We staggered around passing mugs of coffee to each other and trying to sort through the pile of clean washing that nobody had put away to find some clothes that mostly fitted. Oliver solved the problem by staying in his underpants but I felt that would not be the best solution for me, and made a mess of my nicely folded pile of washing by rooting frantically through it trying to find a T-shirt that I liked. It was long after lunchtime before I noticed that Mark was wearing it.
Somehow we managed to get her into work on time, and then we had a leisurely stroll with the dogs and planned our own day.
It is Tuesday, which is not a brilliant day for picking up customers even in the height of summer, which is the current season, and actually it is lovely when the clouds part for a while and the sun comes out, warm and joyous: but that is not happening often enough for people to be inspired to take a spontaneous walking holiday in the Lake District and then get a taxi back to the station: and so we decided that we would spend the day doing household things and then go to work in the evening to mop up the always lucrative too-drunk-to-walk trade.
Of course we have got visitors coming for dinner tomorrow so I spent most of the morning happily planning menus and then going round Booths with Mark’s credit card, buying interesting cheese and exciting things like lemons and sweet potatoes that I don’t normally bother about. They are splendid to have when there are other people about to exclaim over the magnificence of dinner, and not worth bothering about when it is just me and Mark shovelling it in as quickly as we can because we are late for whatever we are supposed to be doing.
On our way around our stroll I took the opportunity to explain my Having Friends To Dinner logistical problems. We have taken our large table over to the farm and exchanged it for a smaller oak one that we had in storage there, because it means that we have got more room in our little kitchen, but the problem is that there is not very much room on it to set six place settings and then shove in the middle all the things like olives and mayonnaise and bread and all the other things that you have to have when you are trying to impress people with how cultured and civilised you are.

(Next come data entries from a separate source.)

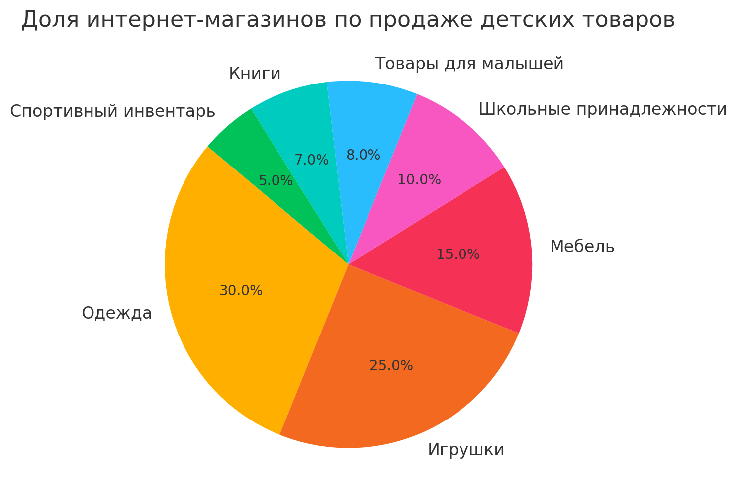 Эта диаграмма показывает долю интернет-магазинов по продаже детских вещей в Интернете. Больше всего сайты торгуют детской одеждой (30%), игрушками (25%) и мебелью (15%). На четвертом месте – онлайн-продавцы школьных принадлежностей (10%). Далее идут сайты с товарами для малышей (8%), книгами (7%) и спортивным инвентарем (5%).
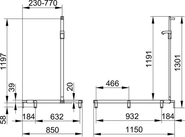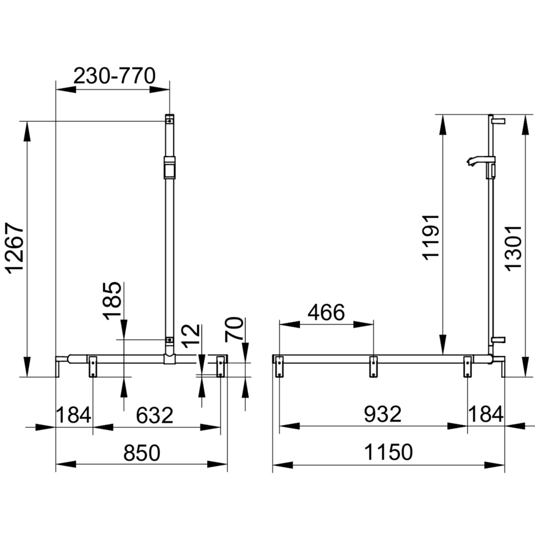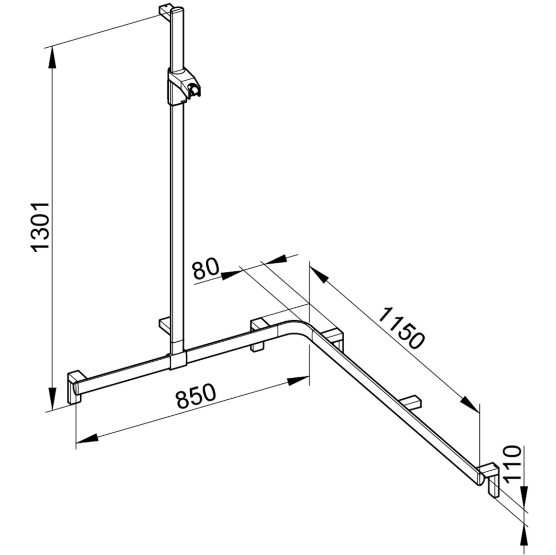 mit Brauseschieber, Brausestange vor Montage frei positionierbar, Höhe 1301 mm, Belastbarkeit 115 kg, mit 2x Befestigungsset Nr. 1
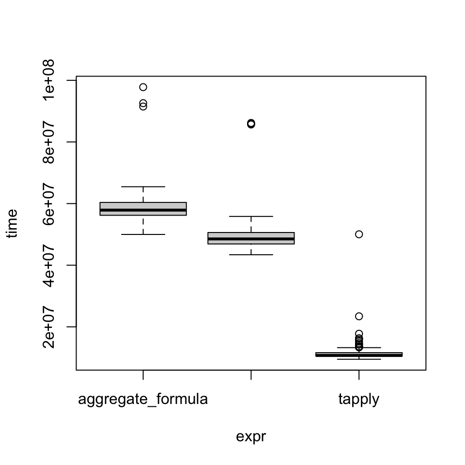The microbenchmark package’s microbenchmark() function allows you to time the execution of multiple expressions with sub-millisecond accuracy. It will execute each command a number of times as defined by the times argument (default = 100), and output statistics of execution time per expression in nanoseconds. Using plot() on the output produces a boxplot comparing the time distributions.
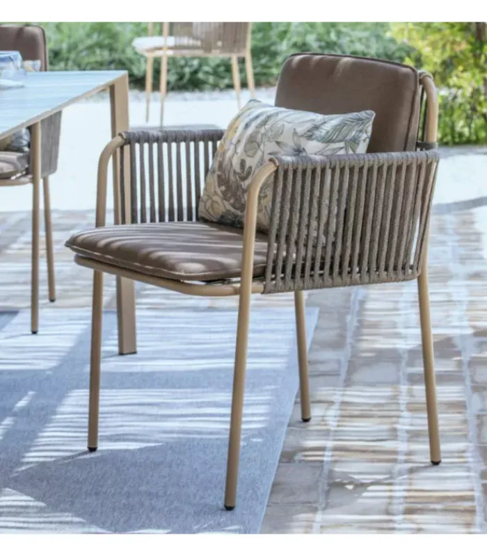 - L’intreccio delle corde crea un effetto visivo raffinato, donando alla poltrona un aspetto leggero ma allo stesso tempo sofisticato.
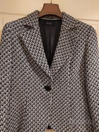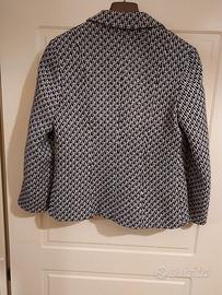 Giacca glamour da donna in lana e cotone color bianca e nera il modello di tendenza senza tasche con la chiusura mono bottone internamente rivestita in fodera in acetato e viscosa color nero taglia 42. gid025. Lunghezza 62 cm. larghezza spalla 42 cm. larghezza torace 52 cm. Usata in eccellenti condizioni originale ed autentica. Diana Gallesi - Made in Italy
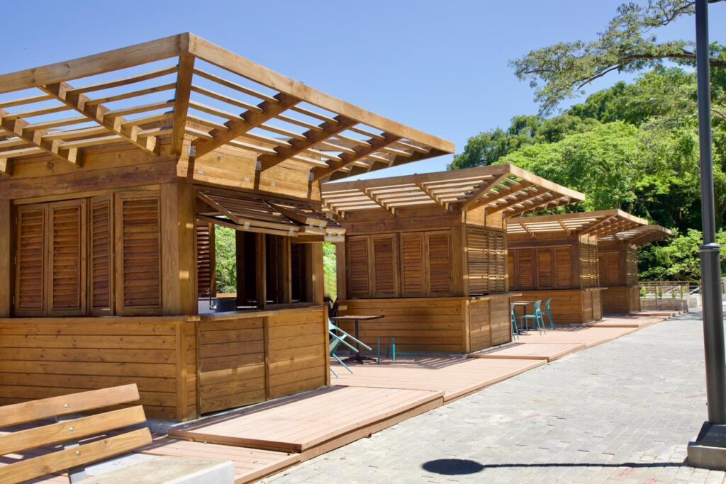 El proyecto incorpora 79 locales comerciales: 57 destinados a la preparación y venta de alimentos, 16 a la comercialización de artesanía y regalos, además de 2 bares y 4 quioscos, buscando diversificar la experiencia del visitante y fortalecer la economía local.

I explained to Mark that I needed him to make a nice stand to put in the middle to put hot things on like the shepherd’s pie, so that it would be a bit higher up and there would be more room in the middle of the table. He grumbled quite a lot at first but eventually agreed that it would be a good idea, and then spent ages measuring the space on the table and planning it before buzzing off out from underneath my feet across to the farm to bash bits of tin about and burn holes in his trousers with sparks from the welder.
He has made a splendid job of it, it has got lovely curved legs, and he found some broken tiles and bits of slate and glass whilst he was there, and has made the most beautiful mosaic design for it. It isn’t finished yet, because it has all got very detailed and a bit fiddly, but he thinks that it will be done in plenty of time. I will have to take a picture of it tomorrow because it was too dark by the time he stopped messing about with it, but I am very pleased, it is going to be magnificent.

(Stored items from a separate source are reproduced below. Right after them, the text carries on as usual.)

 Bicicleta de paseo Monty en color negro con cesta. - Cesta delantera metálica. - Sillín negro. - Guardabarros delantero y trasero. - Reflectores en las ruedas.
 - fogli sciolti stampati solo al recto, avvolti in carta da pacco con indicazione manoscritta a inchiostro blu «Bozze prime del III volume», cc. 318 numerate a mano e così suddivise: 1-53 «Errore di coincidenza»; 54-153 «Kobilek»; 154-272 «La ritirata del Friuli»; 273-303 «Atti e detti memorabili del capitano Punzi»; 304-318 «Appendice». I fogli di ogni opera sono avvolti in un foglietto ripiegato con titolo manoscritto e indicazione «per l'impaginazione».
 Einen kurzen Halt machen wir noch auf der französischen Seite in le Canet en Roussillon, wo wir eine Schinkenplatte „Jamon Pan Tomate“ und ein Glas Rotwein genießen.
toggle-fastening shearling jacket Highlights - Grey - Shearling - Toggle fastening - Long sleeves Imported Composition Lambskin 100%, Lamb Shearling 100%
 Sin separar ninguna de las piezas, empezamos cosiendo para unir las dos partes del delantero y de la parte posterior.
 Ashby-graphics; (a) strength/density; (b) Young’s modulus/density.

I had a lovely day chopping vegetables and baking biscuits and making meringues and strawberry mousse to put in an Eton Mess tomorrow. It was so lovely not to have to rush off to work, I have got all sorts of things done. I have cut lots of mint and sage and bay and chives and hung them in the kitchen in bundles to dry, which is a job I have been looking at for ages. I wanted to harvest the coriander and fennel seeds as well, but they are still too green and so will have to wait.
The house smells glorious now, drying herbs and roasting tomatoes and fresh strawberries, and I felt very pleased with myself by tea time. Lucy came in from work and made it as far as the sofa today before she collapsed, which is a good sign, she must be getting fitter.
I worked for a while and then came home to layer cheese and brazil nuts and potatoes on top of the shepherd’s pie before bed, and Mark finished the shift off. It has been such a contented, busy sort of day.
Except I still haven’t put the washing away.